THE NAZI IMAGINATION FROM PERSECUTION TO GENOCIDE

A thoughtful study that represents Nazism less as a “banality of evil” and more as an “intimate brutality.”

An insightful new study that develops the theme of Jewish annihilation as necessary to the Nazi myth of genesis.

Using a wealth of standard historical sources, such as anti-Jewish propaganda, as well as evidence considered unique in the history of genocide, such as the Nazis’ burning of the Bible, Confino (History/Univ. of Virginia; Foundational Pasts: The Holocaust as Historical Understanding, 2011, etc.) pursues the chilling buildup to the Holocaust, from 1933 onward, in Germany as emotional, messianic and not at all secretive. The Nazi message from the beginning was to purge Germany of the evil (namely, Jews) responsible for “every phenomenon of the modern world objectionable to the Nazis,” from bolshevism to liberalism to democracy (the list is a long one and nearly laughable). The burning of the Torah and other texts, conducted like a national festival, seems puzzling outside of sheer Nazi hooliganism, but it was an act posited by Confino as a deliberate, public consolidation of Nazi intention and legitimacy.

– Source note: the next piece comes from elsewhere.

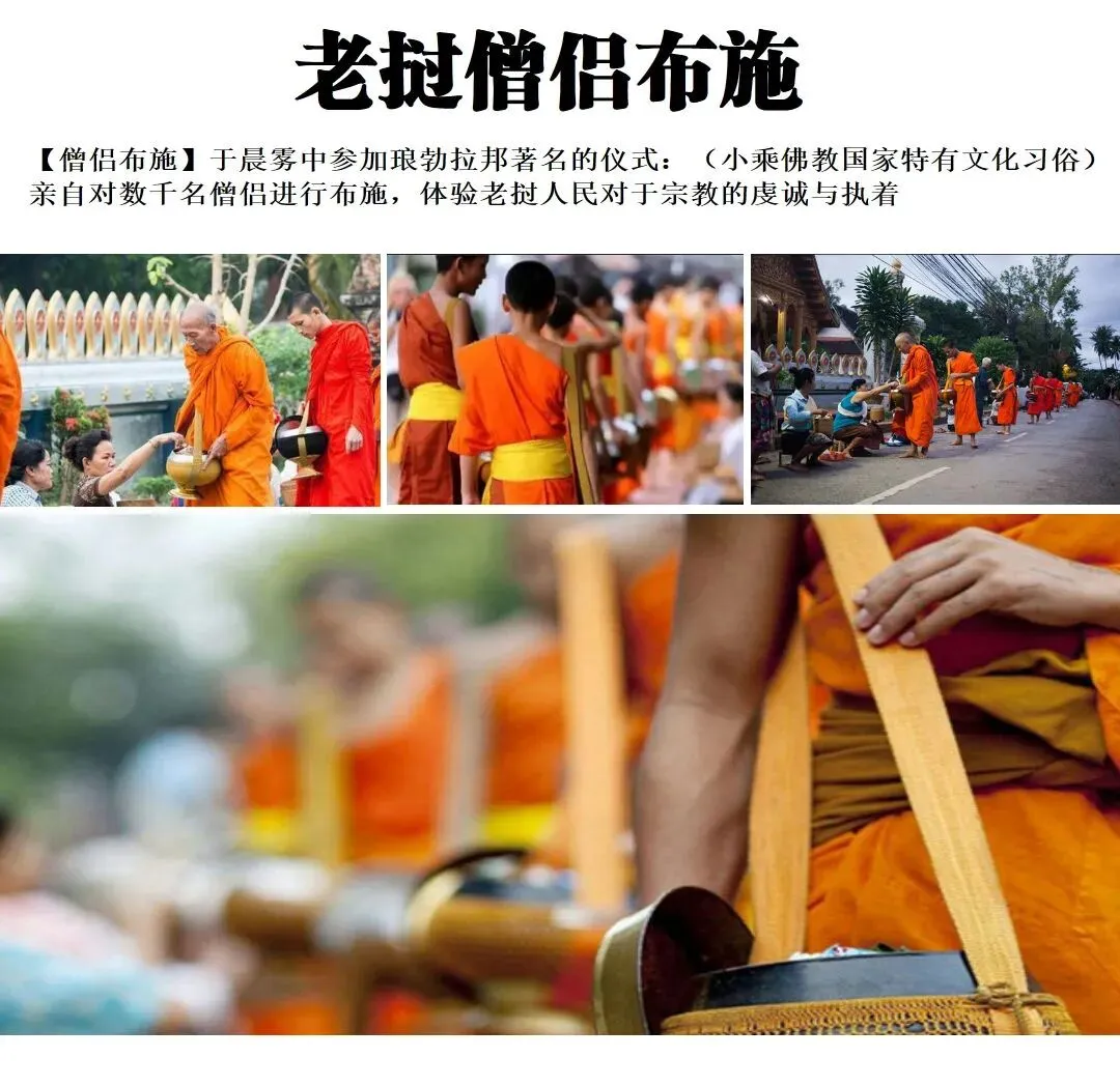 清晨雾中感受 千年传承【僧侣化斋特色民俗布施文化AlmsGivingCeremony】,千年传统不曾改变(小乘佛教国家持有文化习俗),您也可以参与其中对数千名僧侣进行布施 。每天清晨和尚排队沿街化缘,是琅勃拉邦的一大特别景观,等待布施的信徒们,沿街坐着矮凳排列,面前放着一小箩布施的米饭或食品,当各个寺庙的大小和尚挨个排队到来时, 信徒便把面前的米饭或食物捏成小团或分成小份,依次布施给他们,时间持续约半小时。化缘的和尚排成长长的队列,黄色的袈裟微微飘动,在朝阳的斜射下,熠熠生辉,映照出琅勃拉邦人的善良和对宗教的虔诚之心。
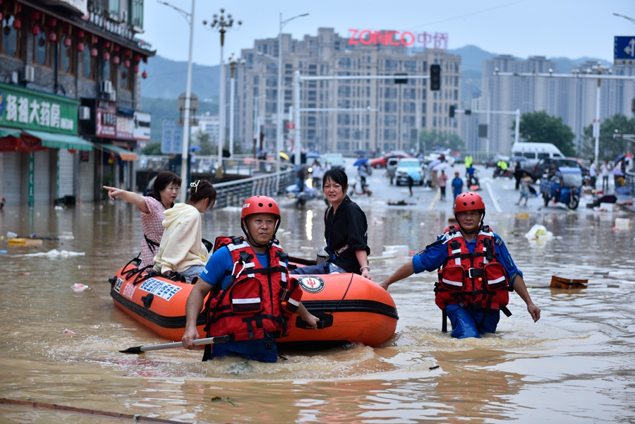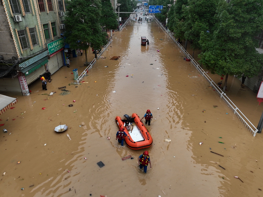 6月19日,在福建省建甌市水南橋附近,藍(lán)豹救援隊利用橡皮艇轉(zhuǎn)移被困群眾。 (黃杰敏 攝)

Everyone would participate in the purge of “contaminated” books, and these symbolic “acts of purification,” repeated and rehearsed in subsequent anti-Jewish laws on both the local and national level, goaded regular Germans into an emotional response “that claimed to link the individual to the collectivity based on anti-Jewish sentiments.” The destruction of synagogues, for example, was a way to destroy history, severing any connection between Jews and Christians in order to make way for a new German national myth of genesis. Desecrating the Hebrew Bible was an intimate act of violence, requiring all five senses, as Confino hauntingly portrays, and it allowed the Nazis to supersede the Jews as a chosen people, to extinguish Jewish authority over the past—and claim history and time itself.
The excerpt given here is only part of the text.